Deploying Stargate API using Helm

DataStax
Building Real-World, Real-Time AI
6 min readDec 22, 2022

Author: Mahesh Rajamani

In this blog, you will learn how to deploy Stargate data API gateway for Apache Cassandra® in a Kubernetes environment using Helm charts, turning Cassandra into an API-accessible cloud service.

Stargate

Since its inception in 2020, Stargate.io has helped companies like Netflix, Yelp, Netlify, PrepLadder, SHIELD, and more, who take advantage of the power of the open source NoSQL database, Apache Cassandra®, to make their data more accessible through APIs.

Stargate turns Apache Cassandra into a cloud data service. You can connect applications, services, and functions to Cassandra over HTTP APIs and Drivers, injecting limitless scale and speed for the data plane. In addition to supporting Cassandra’s traditional CQL interface, you can go driverless with Stargate v2’s high-performance gRPC implementation!
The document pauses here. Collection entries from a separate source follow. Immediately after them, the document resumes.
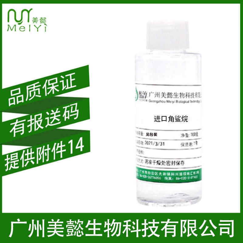 角鲨烷(Squalane)是从深海鲨鱼肝脏中提取的角鲨烯经氢化制得一种性能优异的烃类脂,故又名深海鲨鱼肝。科学研究发现,角鲨烷是少有的化学稳定性高,使用感好的动物脂,对皮肤有较好的亲和性,不会引起过敏和刺激,并能加速配方中其他活性成分向皮肤中渗透;具有较低的极性和中等的铺展性,且纯净、无色、无异味;还可抑制霉菌的生长。
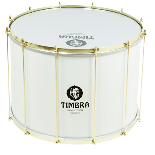 Tambor de percussão branco com estrutura metálica dourada e logo TIMBRA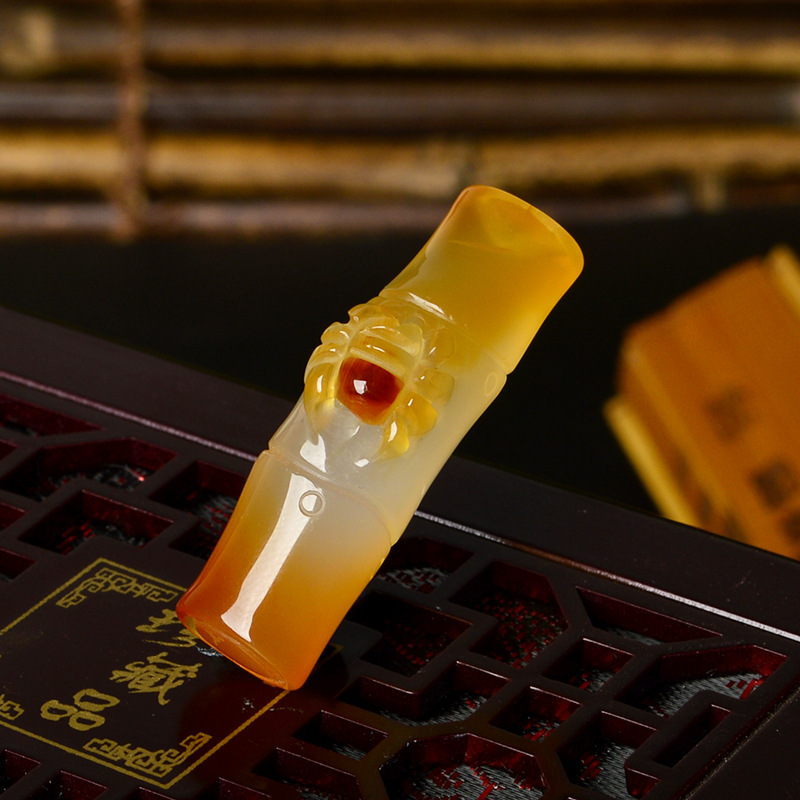 Natural white chalcedony Bamboo pendant Bamboo high agate jade pendant Sweater chain pendant

It’s just as fast as native database drivers, and with so much of the networking configuration done by gRPC automatically, it is much easier to use (and learn). Other options include REST, GraphQL, and a JSON/REST Document API, allowing Cassandra to function as a document database.

Stargate has now come up with Helm-based configuration to get it deployed in a Kubernetes environment (which has a Cassandra cluster already running).

The need for Helm based deployment

Stargate runs as a multilayer architecture so that individual services can be scaled based on the workload. Helm-based deployment helps in deploying and managing these kinds of applications easily.

Environment setup

For this demo, I’m going to use three node Kubernetes cluster with each node having 8 CPU and 8GB memory.

$ kubectl get nodes
NAME STATUS ROLES AGE VERSION
gke-cluster-1-default-pool-xxa2e8bd-xxxx Ready <none> 4d2h v1.23.12-gke.100
gke-cluster-1-default-pool-xxa2e8bd-xxxx Ready <none> 4d2h v1.23.12-gke.100
gke-cluster-1-default-pool-xxa2e8bd-xxxx Ready <none> 4d2h v1.23.12-gke.100

Installing Helm

Helm needs to be installed, which will be used for deploying all the components. Helm installation instructions can be found here.

Installing Cassandra

To demonstrate Stargate deployment, we need a running Cassandra cluster. For this demo, I will have a single-node Cassandra instance deployed via Bitnami. Stargate connects to Cassandra’s storage port, generally running on port 7000, which needs to be exposed as a headless service.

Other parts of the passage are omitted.